Nothing should appear in the answer except the lines below from the line containing "Ausserdem stehen noch" through the line containing "MPT Update This", copied exactly, with pictures left out.

**RECORD SET**
════

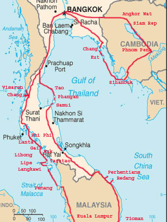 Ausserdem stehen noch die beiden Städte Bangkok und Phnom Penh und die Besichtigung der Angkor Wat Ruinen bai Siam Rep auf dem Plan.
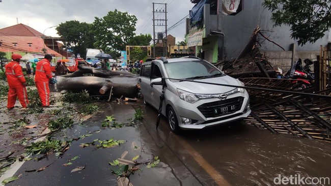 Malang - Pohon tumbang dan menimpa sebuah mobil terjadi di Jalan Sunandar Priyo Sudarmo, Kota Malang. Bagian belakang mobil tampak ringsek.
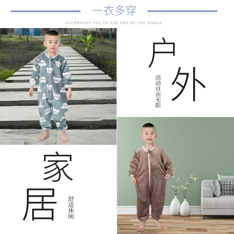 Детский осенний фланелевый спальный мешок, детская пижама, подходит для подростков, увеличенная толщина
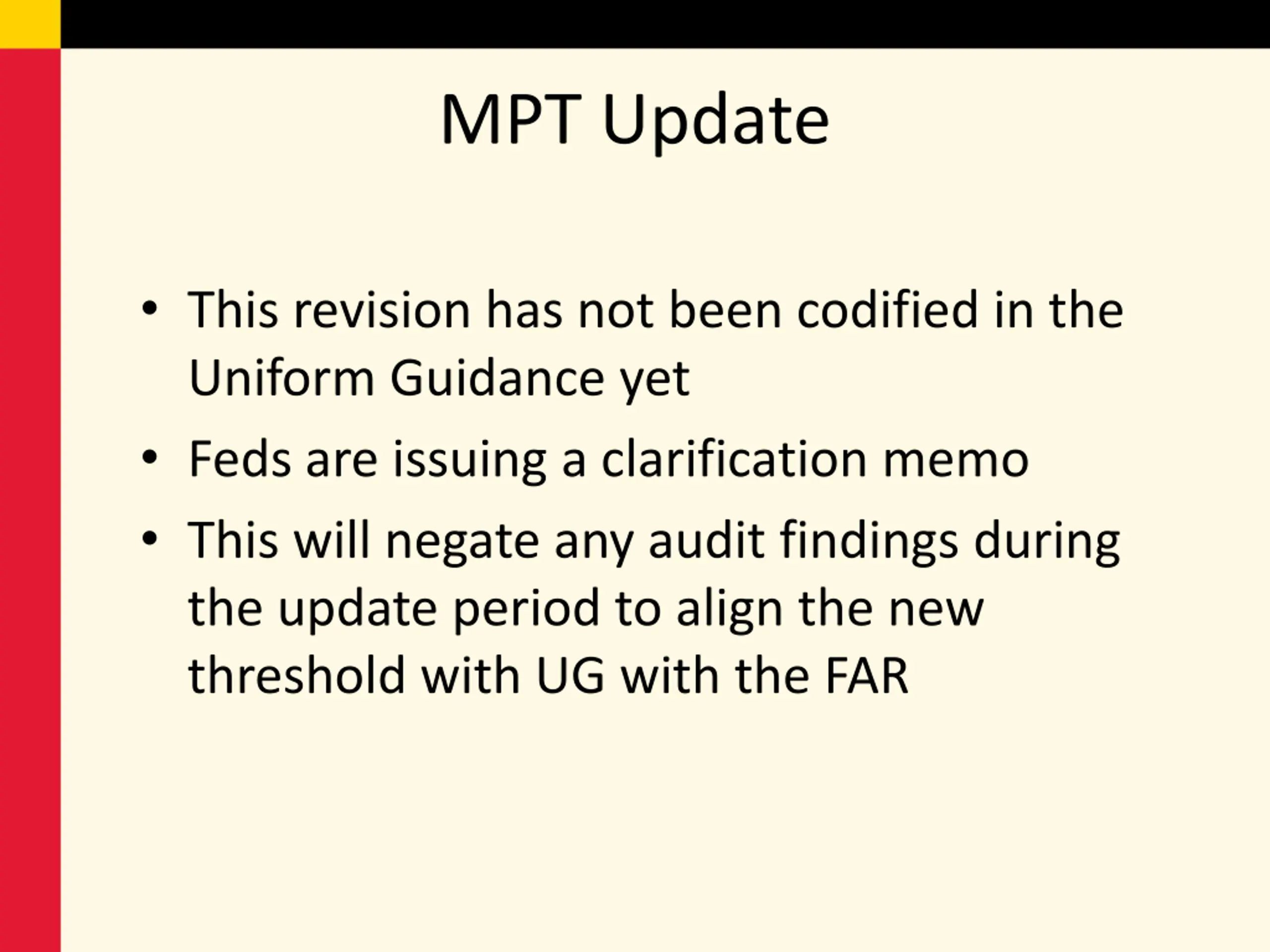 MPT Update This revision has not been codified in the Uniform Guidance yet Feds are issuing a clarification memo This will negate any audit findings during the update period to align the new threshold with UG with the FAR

════

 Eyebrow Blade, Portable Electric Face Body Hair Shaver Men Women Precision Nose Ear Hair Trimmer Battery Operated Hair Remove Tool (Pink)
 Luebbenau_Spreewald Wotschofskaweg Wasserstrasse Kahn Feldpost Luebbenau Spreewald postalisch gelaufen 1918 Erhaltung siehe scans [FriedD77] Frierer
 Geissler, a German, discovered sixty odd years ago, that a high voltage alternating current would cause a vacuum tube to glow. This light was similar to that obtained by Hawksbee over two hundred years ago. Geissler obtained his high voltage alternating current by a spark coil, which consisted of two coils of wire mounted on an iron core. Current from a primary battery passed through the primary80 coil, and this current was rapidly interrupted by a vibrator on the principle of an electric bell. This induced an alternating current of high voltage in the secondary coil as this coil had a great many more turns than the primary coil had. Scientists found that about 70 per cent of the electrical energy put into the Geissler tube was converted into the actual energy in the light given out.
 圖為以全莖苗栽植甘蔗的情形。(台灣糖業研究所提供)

════

**WORKED SOLUTION**
 Ausserdem stehen noch die beiden Städte Bangkok und Phnom Penh und die Besichtigung der Angkor Wat Ruinen bai Siam Rep auf dem Plan.
 Malang - Pohon tumbang dan menimpa sebuah mobil terjadi di Jalan Sunandar Priyo Sudarmo, Kota Malang. Bagian belakang mobil tampak ringsek.
 Детский осенний фланелевый спальный мешок, детская пижама, подходит для подростков, увеличенная толщина
 MPT Update This revision has not been codified in the Uniform Guidance yet Feds are issuing a clarification memo This will negate any audit findings during the update period to align the new threshold with UG with the FAR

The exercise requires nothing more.